His Viyellatex Group employs more than 15,000 people according to its website, and its annual turnover was estimated at $400 million by the Daily Star newspaper last year.

Dhaka Metropolitan Police inspector Abu Sayed Miah said Hasanat and several others were suspected of financing the "anarchy, arson and vandalism" of last week.

Bangladesh makes around $50 billion in annual export earnings from the textile trade, which services leading global brands including H&M, Gap and others.

Student protests began this month after the reintroduction in June of a scheme reserving more than half of government jobs for certain candidates.

With around 18 million young people in Bangladesh out of work, according to government figures, the move deeply upset graduates facing an acute jobs crisis.

Critics say the quota is used to stack public jobs with loyalists to Hasina's Awami League.

- 'Call to the nation' -

The Supreme Court cut the number of reserved jobs on Sunday but fell short of protesters' demands to scrap the quotas entirely.

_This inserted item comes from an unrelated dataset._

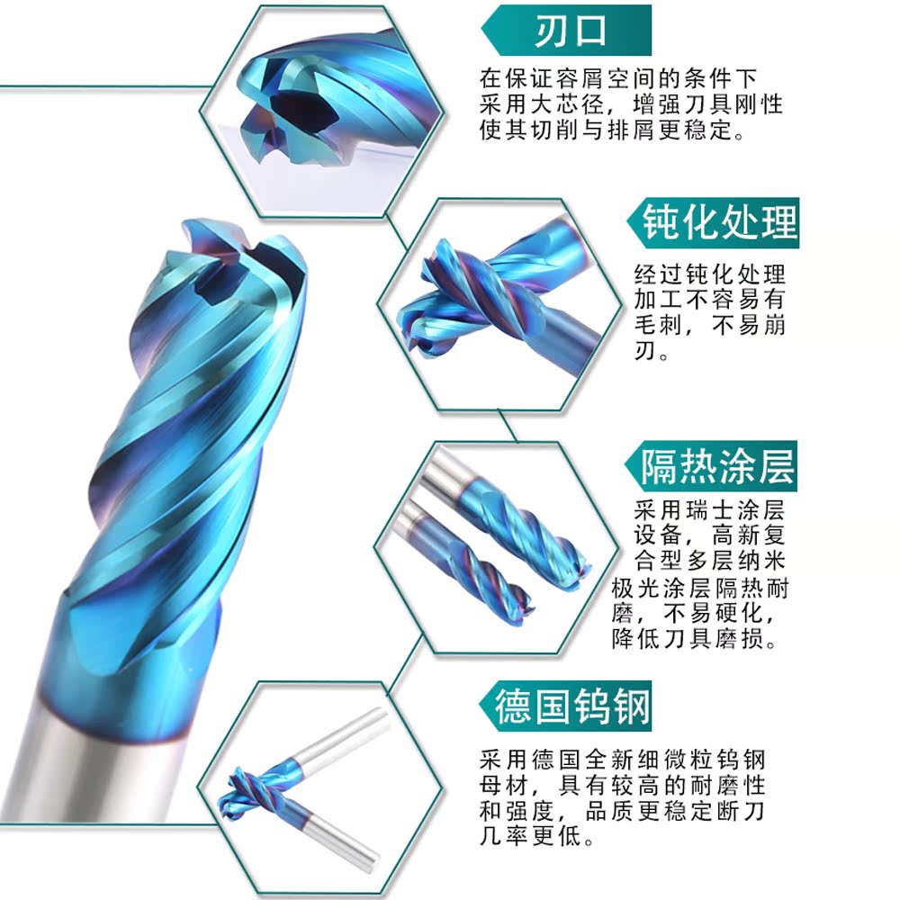HRC68° Four-edged Blue Nano Round Nose Knife
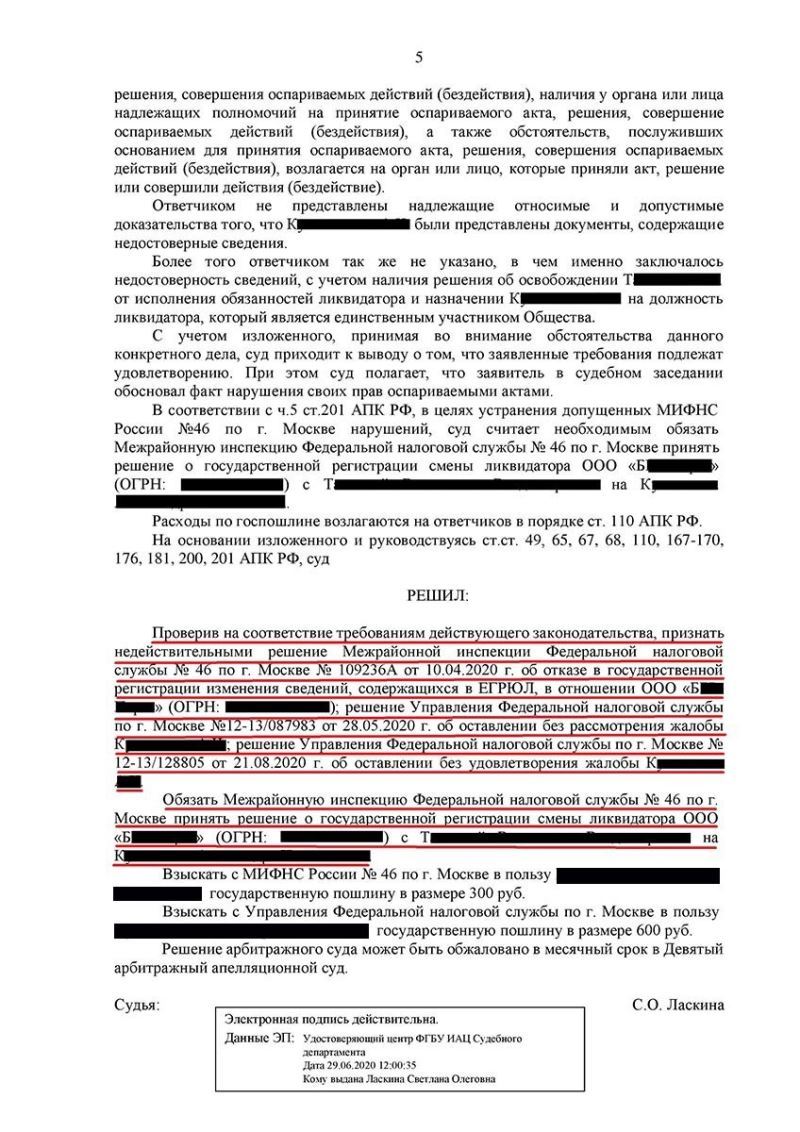 Разработана правовая позиция, согласно которой налоговый орган не имел основания для отказа в смене ликвидатора, подана обязательная досудебная жалоба в вышестоящий налоговый орган, а затем подготовлено и подано заявление в арбитражный суд о признании оспариваемого решения незаконным и обязании налогового органа сменить ликвидатора, также принято участие во всех судебных заседаниях.

Hasina has ruled Bangladesh since 2009 and won her fourth consecutive election in January after a vote without genuine opposition.

Her government is also accused by rights groups of misusing state institutions to entrench its hold on power and stamp out dissent, including the extrajudicial killing of opposition activists.

Hasina continued a tour of government buildings that had been ransacked by protesters, on Friday visiting state broadcaster Bangladesh Television, which was partly set ablaze last week.

"Find those who were involved in this," she said, according to state news agency BSS.

"Cooperate with us to ensure their punishment. I am making this call to the nation."